Die Debatte um die Impfpflicht dreht sich um ein Feindbild. Dabei wird übersehen, dass etwas anderes besser gegen Nicht-Impfen helfen würde.

Impfen? Lieber freiwillig Foto: dpa

N iedersachsens Gesundheitsministerin Carola Reimann (SPD) hat sich gegen die von der Bundesregierung geplante Masern-Impfpflicht ausgesprochen. Eine Stimme der Vernunft in einer Debatte, in der von einem „Erstarken der Impfgegner“ fantasiert wird, die für den Anstieg der Masernerkrankungen verantwortlich sein sollen.

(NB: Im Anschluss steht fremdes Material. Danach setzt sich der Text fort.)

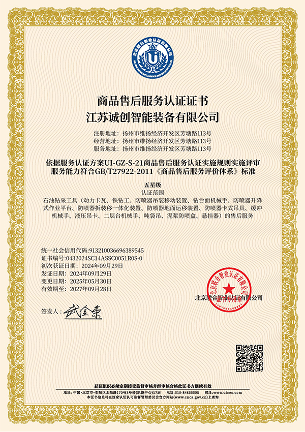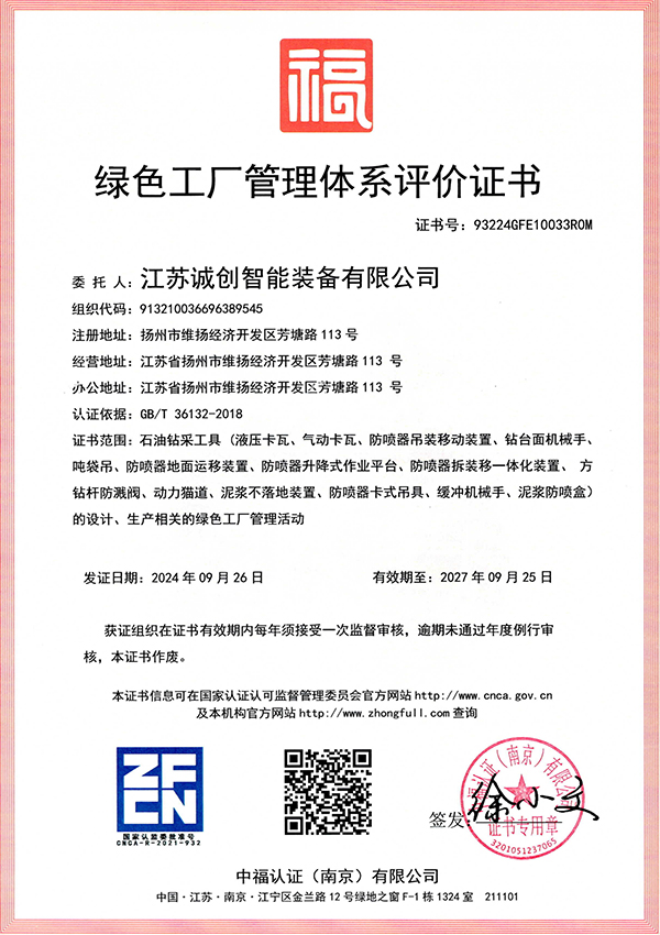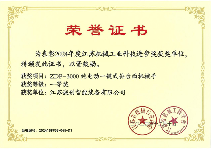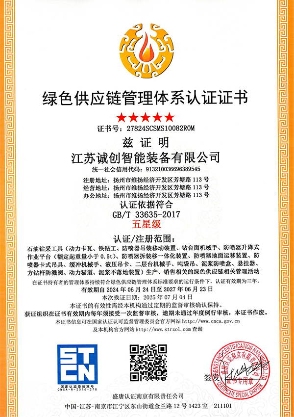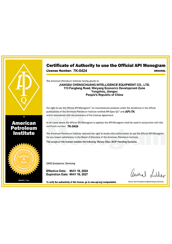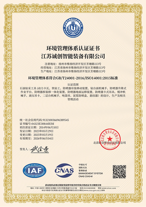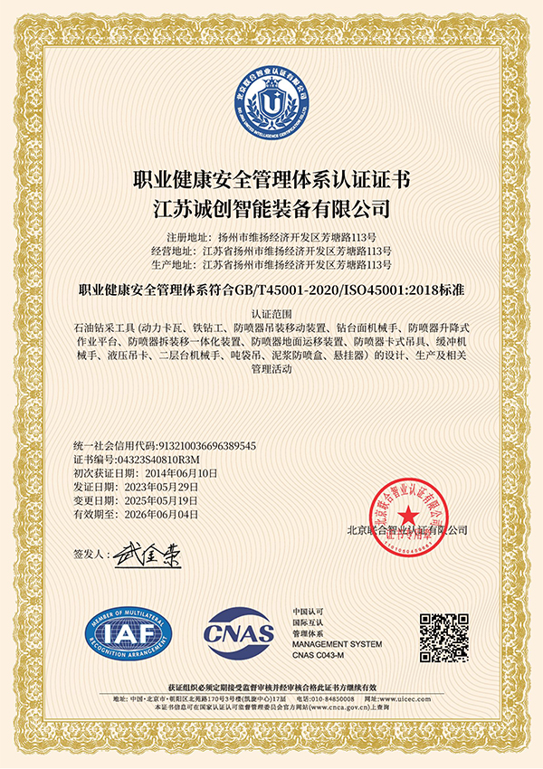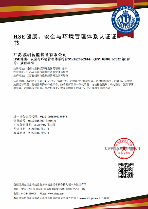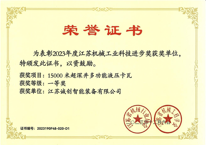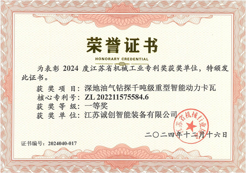 江苏诚创 —— 国家专精特新小巨人企业,2007年创立于扬州,长期专注油气钻探井口装备数智化、安全化新品研发,通过了美国石油学会API认证。核心优势产品 —— 液压卡瓦、防喷器吊装移动装置处于行业技术领先水平,助力国家首口超万米科探井胜利万钻。参与制定动力卡瓦行业标准,牵头起草防喷器吊装移动装置团体标准,执笔编写首部《中国陆上石油钻机2023》白皮书 —— 动力卡瓦、防喷器吊装移动装置章节。

Belege? Braucht es nicht. Das Wort „Impfgegner“ reicht, um ein Feindbild zu beschwören: Verschwörungstheoretiker*innen, die das Leben anderer aufs Spiel setzen, weil sie ihren Blagen nur Kügelchen geben. Denen zeigen wir’s jetzt mit der Impfpflicht!

Niedersachsens Gesundheitsministerin, die Masernimpfungen zu Recht befürwortet, weiß, dass es so einfach nicht ist. So würde die Pflicht die großen Impflücken, die vor allem bei jungen Erwachsenen bestehen, nicht schließen. 97 Prozent der Schulanfänger*innen sind nämlich einmal gegen Masern geimpft, die zweite Impfung haben 93 Prozent bekommen. Das sind zwei Prozentpunkte zu wenig, um Masern auszurotten. Stimmt. Und 93 Prozentpunkte zu viel, um hysterisch zu werden.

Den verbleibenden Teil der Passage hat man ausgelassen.